В дружбе Мицкевича с молодым поэтом, в готовности служения ему мы видим одно из проявлений все того же пламенного стремления уменьшить собственную вину — вину воздержания от участия в ноябрьской революции. Он, такой нетерпеливый, суровый, оторванный от практических дел больше, чем это, может быть, представлялось тем, которые видят его сразу со всех сторон и во все эпохи его жизни, он, такой требовательный в личных отношениях, скорее неблагодарный, как «злое, бесчувственное дитя», встречается тут у постели смертельно больного друга с истинным ангелом доброты — Клаудиной Потоцкой. «Эта женщина примиряет с родом человеческим и может вновь вдохнуть веру в добродетель и в доброту на земле. Кажется, что в ней жизни всего на несколько часов, однако она всегда обретает силы для служения ближним»[152].

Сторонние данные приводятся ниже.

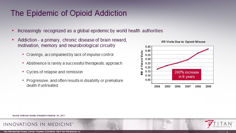 Company Overview Titan Pharmaceuticals specializes in the development of treatments for select chronic diseases utilizing its proprietary ProNeura ™ technology platform • ProNeura: Proprietary Long Term Drug Delivery Platform • Provides non - fluctuating medication levels over periods of three months to a year • Ideal for use in the treatment of chronic diseases for which maintenance of non - fluctuating medication levels may offer advantages over oral administration • Probuphine® for the Treatment of Opioid Addiction • Long acting formulation of buprenorphine providing six months of steady - state levels • FDA requested final Phase 3 clinical study completed in June 2015 with strong positive results • Probuphine NDA resubmitted to FDA at the end of August 2015, with potential approval in Q1, 2016 • ProNeura for Parkinson’s Disease ( r opinirole) • Demonstrated non - clinical proof of concept in a parkinsonian primate model • Conducting IND enabling non - clinical studies with the goal to commence clinical testing in H2, 2016 Titan Pharmaceuticals Company Overview | Proprietary & Confidential | ©2014 Titan Pharmaceutical, Inc. 3

И впрямь, ей уже недолго осталось жить. Она умерла в Женеве после неудачной попытки залечить смертельную болезнь легких. Мицкевич не находит для Клаудины никаких сравнений, столь исключительна ее доброта, воистину неземная, если только слово это способно выразить черту исключительную и не встречающуюся среди смертных. Тот, кто смотрел на нее, внимал ее речам, как будто уносился в мечтах на некие блаженные острова, где жило некое совершенное человечество. И, однако, благородство графини Потоцкой не было совершенно свободным, ибо здесь, на земле, нет свободы от законов общества. Клаудина — перед восстанием — была довольна своей жизнью, которая, может быть, пошла бы иными путями, если бы не феодальные привилегии, из которых она, Клаудина, извлекала пользу. Эти феодальные привилегии — Мицкевич не мог этого забыть — даже Марцелина Лемпицкая не считала грехом.